The products of the hive which bind us together with a common love of beekeeping: Honey, Beeswax, and Honeybees.

 

 

Labels

I make the labels for my jars of honey on a computer by use of the HiJaak drawing program. A master sheet of labels is made on a laser printer then pages of labels are produced on a copy machine. A yellow marker pen gives the bit of color to the labels. The labels are cut out with scissors then pasted on the jars with flour paste

Paste for Labels

I make flour paste by taking 1/3 cup of all-purpose flour and slowly adding a pint of water while stirring to get a good, smooth mixture.
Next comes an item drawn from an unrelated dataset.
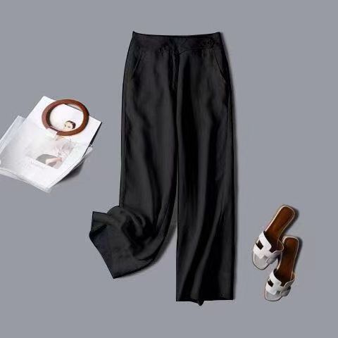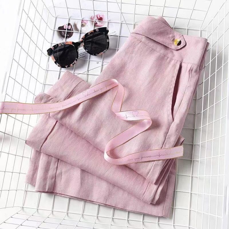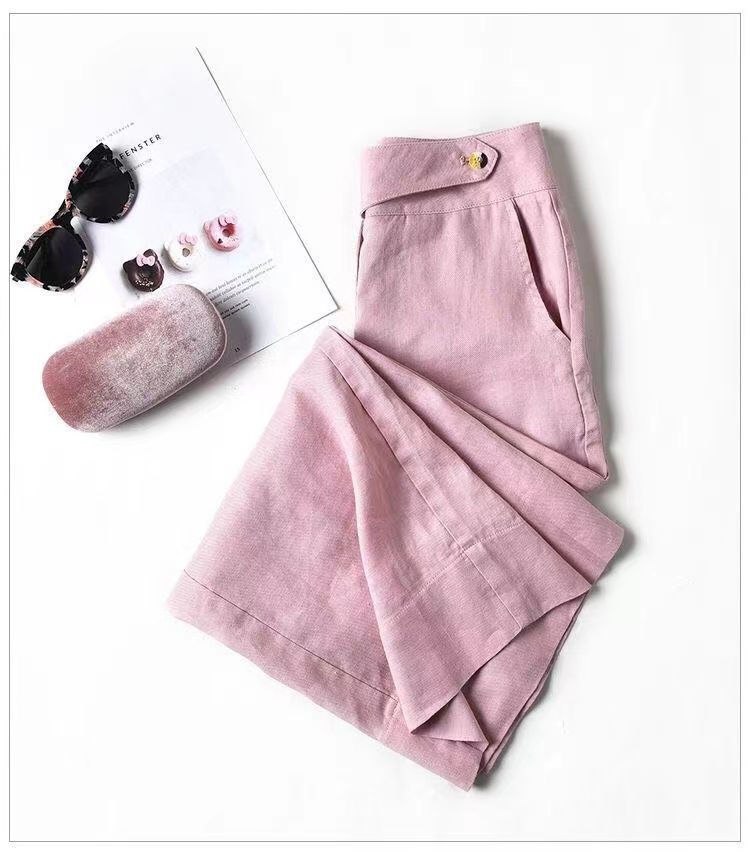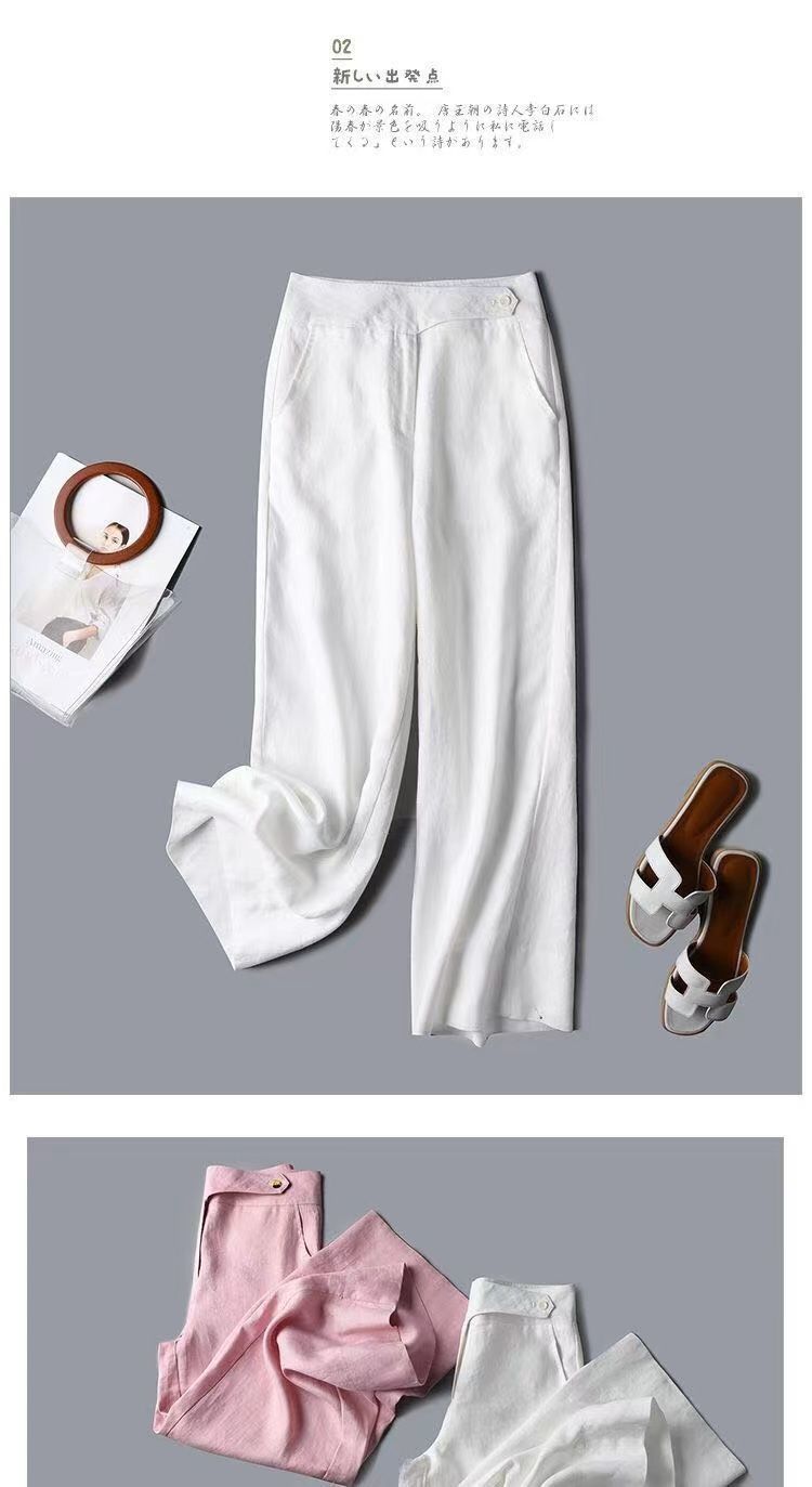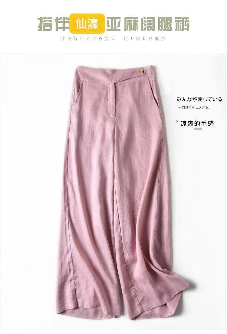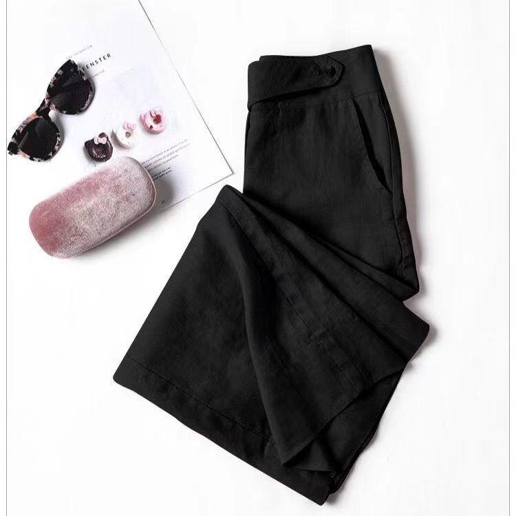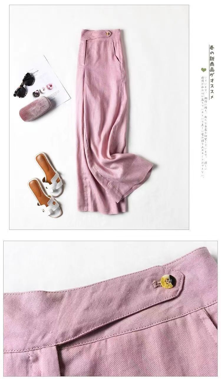 Pantalones de lino de estilo coreano para mujer, pantalón holgado, de cintura alta, con pierna ancha y colgante, estilo casual, para primavera y verano
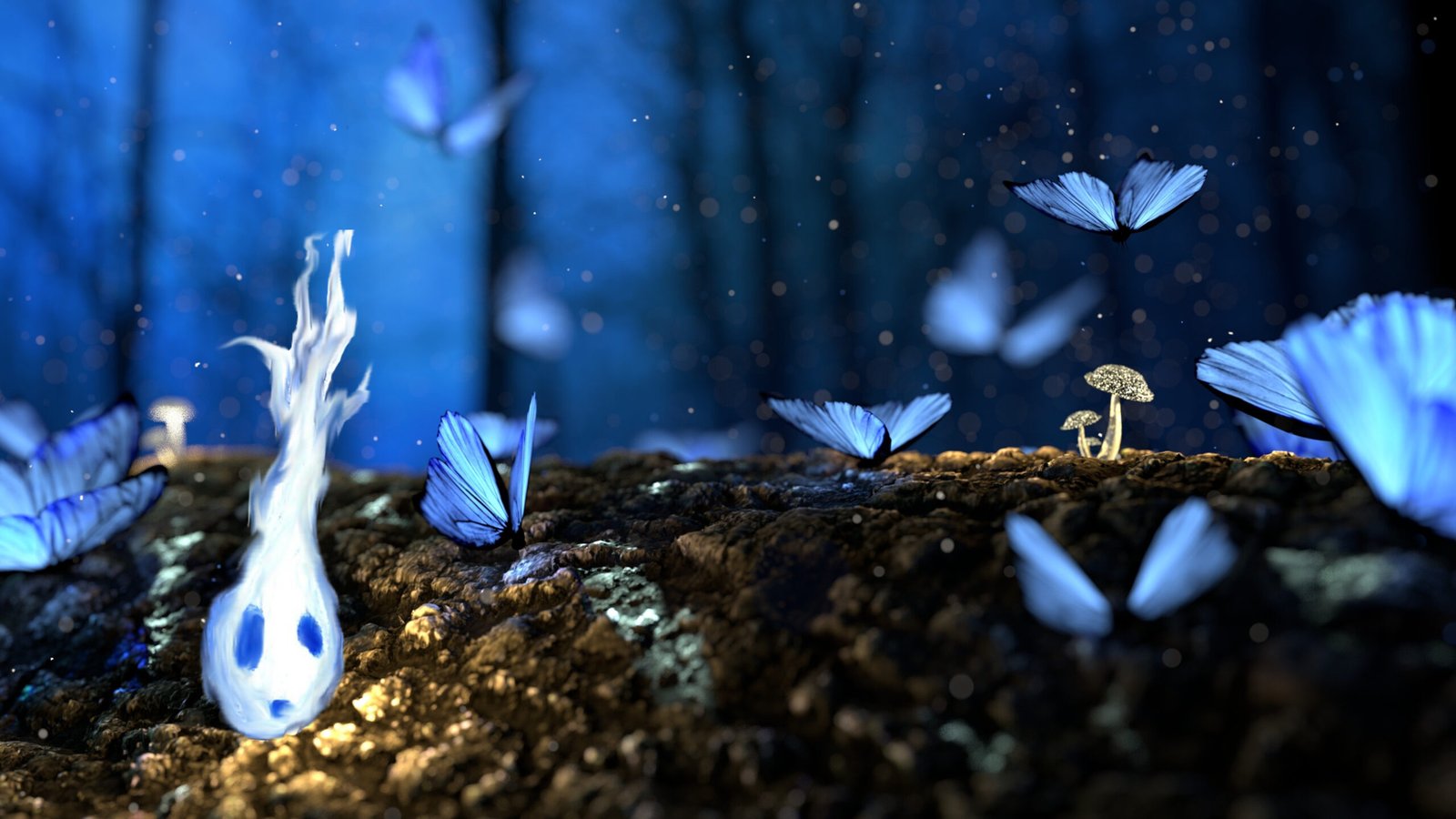 Whimsy came about from a variety of inspirations and influences. The face is kind of similar to the forest spirits from Princess Mononoke, its color is from old depictions of their light or flame being blue like in brave and their playful personality from the sprites similar to ones in other Hayao Miyazaki films. The flame-like yet plant-like look gives them an organic air representing the natural world or nature.

Cook over medium heat, stirring constantly, until the mixture boils for about 3 minutes. After it cools a little, I stir in about 1/4 teaspoon of clove oil as a preservative...makes it smell good too. Rice flour makes a whiter paste which I've used over the years in my bookbinding projects, but for affixing honey labels it makes no difference.

I brush the flour paste out on a sheet of glass, pull the label across the glass to get the paste on the label, press the label on the jar, then blot the label with a damp cloth. Labels that look better and are self-adhesive can be purchased, but I enjoy making my own.

Processing Beeswax

To get clear blocks of wax, I put my wax scraps, or blocks that have trash in them, inside the leg of an old pantyhose. I tie a load up, cut it off the pantyhose, then put the load in the solar melter where it rests on a clean sheet of paper. The melted wax filters through a paper coffee filter...cheapest I can find. I collect the melted wax in a bread pan then pour it into molds if I don't wish it to harden into a big block in the bread pan. The photo shows rectangular blocks which were molded in a commercially available mold (6 blocks). The blocks have the word BEESWAX molded into the surface. The round cakes of beeswax were molded in muffin baking pans which come in small and large sizes. Teflon coated pans work well, but even so I will wipe the pans with a towel that has been sprayed with silicon lubricant just to make sure that I will get a good release.

Things to do with Beeswax

There are many things that can be done with beeswax:: make candles, compound lotions and polishes, make lost wax castings, batik, decorate eggs with Ukranian art styles, and the list goes on and on.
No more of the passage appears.